One thing that’s always bugged us a little about all these KIPP success stories, whether based on statistic or anecdote, is that the media invariably fail to acknowledge the obvious built-in advantages that charters have over their non-magnet public-school counterparts. We’re talking about two things: The fact that parents who seek to place their kids in charter schools, even if admittance itself is “random,” obviously have more wherewithal (mental, for sure, if not financial and moral) than parents who are unable or can’t be bothered to try to get theirs out of low-performing neighborhood schools (the ones trying to raise their rankings from “hellish” to “nightmarish”), or aren’t aware of the alternatives (or can’t get out of bed to fill out the application). The second advantage is that the charters contractually obligate students and parents to meet standards of behavior, effort and involvement---something that public schools generally can’t do (outside of grade requirements that must be met at magnets, or most magnets). If the charter’s imposed standards of time and effort aren’t met, the kid gets a one-way ticket back to his zoned school.

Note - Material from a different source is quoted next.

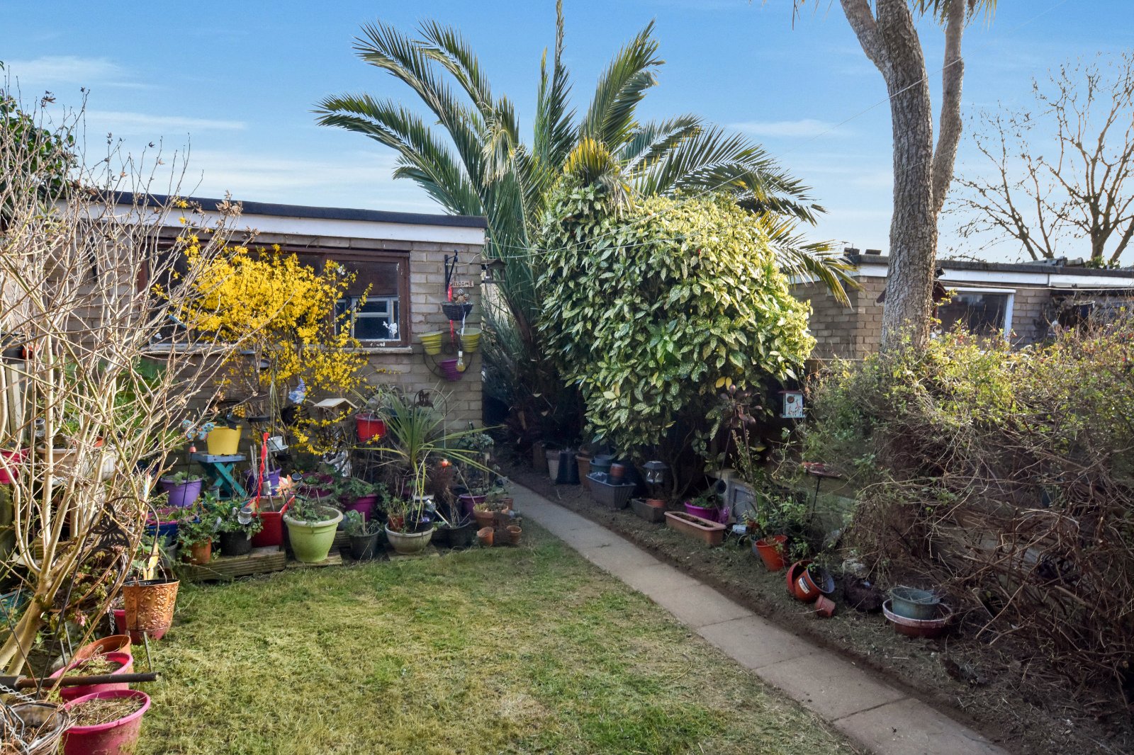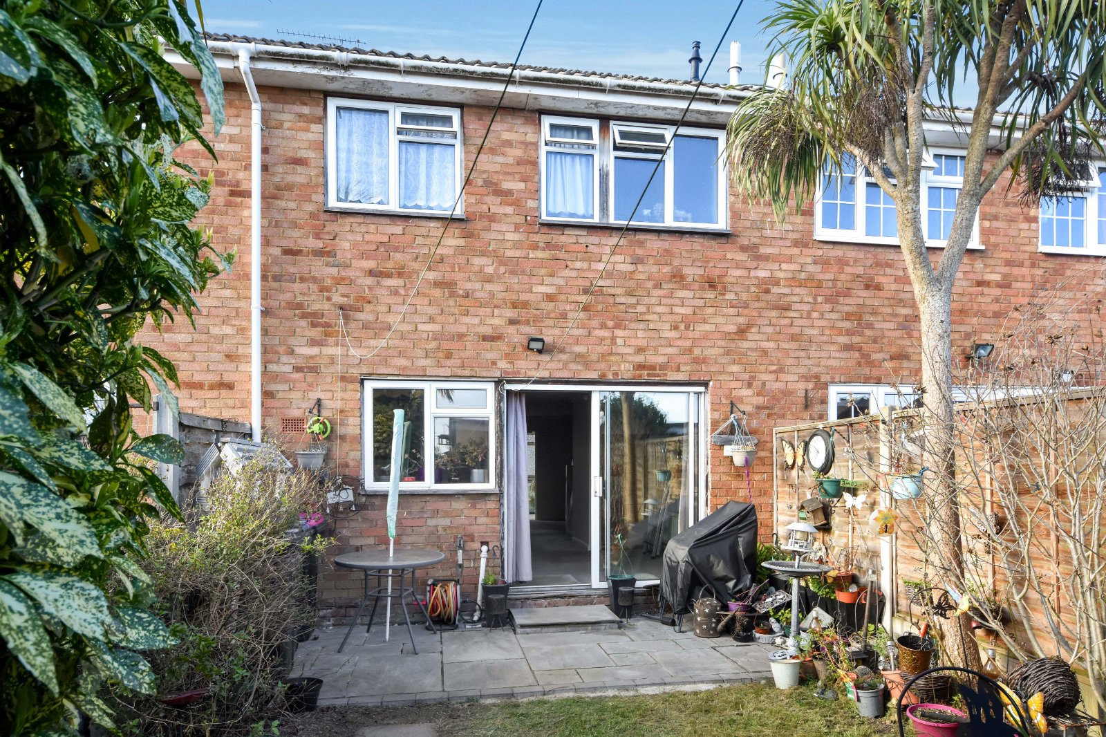 The SOUTH FACING rear garden is accessed via the Dining area and begins with a patio seating space, ideal for outdoor entertaining. This leads onto a modest lawn, bordered by a variety of established shrubs and mature planting. The garden also benefits from gated rear access, along with an external water tap and outdoor lighting.

The danger in all this is that it risks turning many public schools into default holding pens for the discipline problems and chronic low-performers. You can see this happening in Houston at the middle-school level, where savvy working- and lower-middle-class Hispanic parents scramble to get their kids into KIPP or YES or anywhere but their sorry, gangsta-incubating zoned schools---where, just like at home, they have to take you in.

This doesn’t mean that KIPP’s success isn’t real, but it does means that it merits at least a small asterisk, and raises questions about whether that success can translate on a wider scale. Slate’s Mosle, a former Teach for America teacher, has the goods, and we’re going to break with tradition here and quote at length from her piece, the thesis of which she states at the outset, declaring that KIPP
… is not the proven, replicable model for eliminating the achievement gap in the inner city that Mathews imagines, and this distinction is crucial. KIPP may be something more important: a unique chance to test, once and for all, the alluring but suspect notion that there actually is an educational panacea for social inequality. As of yet, the evidence for such a thing doesn't exist.
After voicing that sobering heresy, Mosle points out that
… Mathews likens KIPP to a cult "without the dues or the weird robes." But by definition, a cult is a fringe movement. To date, no one—including such mighty players as the Gates Foundation—has figured out how to take an educational cult and make it the predominant religion within any urban system.

Mathews insists that KIPP has solved this riddle. It's true that perhaps no other model program has risen so far so fast, with such consistently strong test scores. KIPP now has 66 academies in 19 states. Still, 66 academies amount to just three schools, on average, per state. Houston has far and away the highest concentration with, currently, seven middle schools, three elementary schools, and one high school. But this is in a school system with 200,000 students, nearly 80 percent of whom qualify for reduced or free lunches. At the moment, like every other model program before it, KIPP serves only a tiny fraction of disadvantaged students within any given district. And as education researcher Richard Rothstein has rightly noted, comparing students from different schools, even within the same disadvantaged neighborhoods, is very difficult to do in a rigorous, scientific way. Just because KIPP uses a lottery for admissions, for example, does not tell us anything about the self-selecting nature of the pool from which this lottery is drawn. (Rothstein's own research—here and here—has shown that KIPP students come from families that are better off, or better educated, than their regular public school or special-education counterparts.)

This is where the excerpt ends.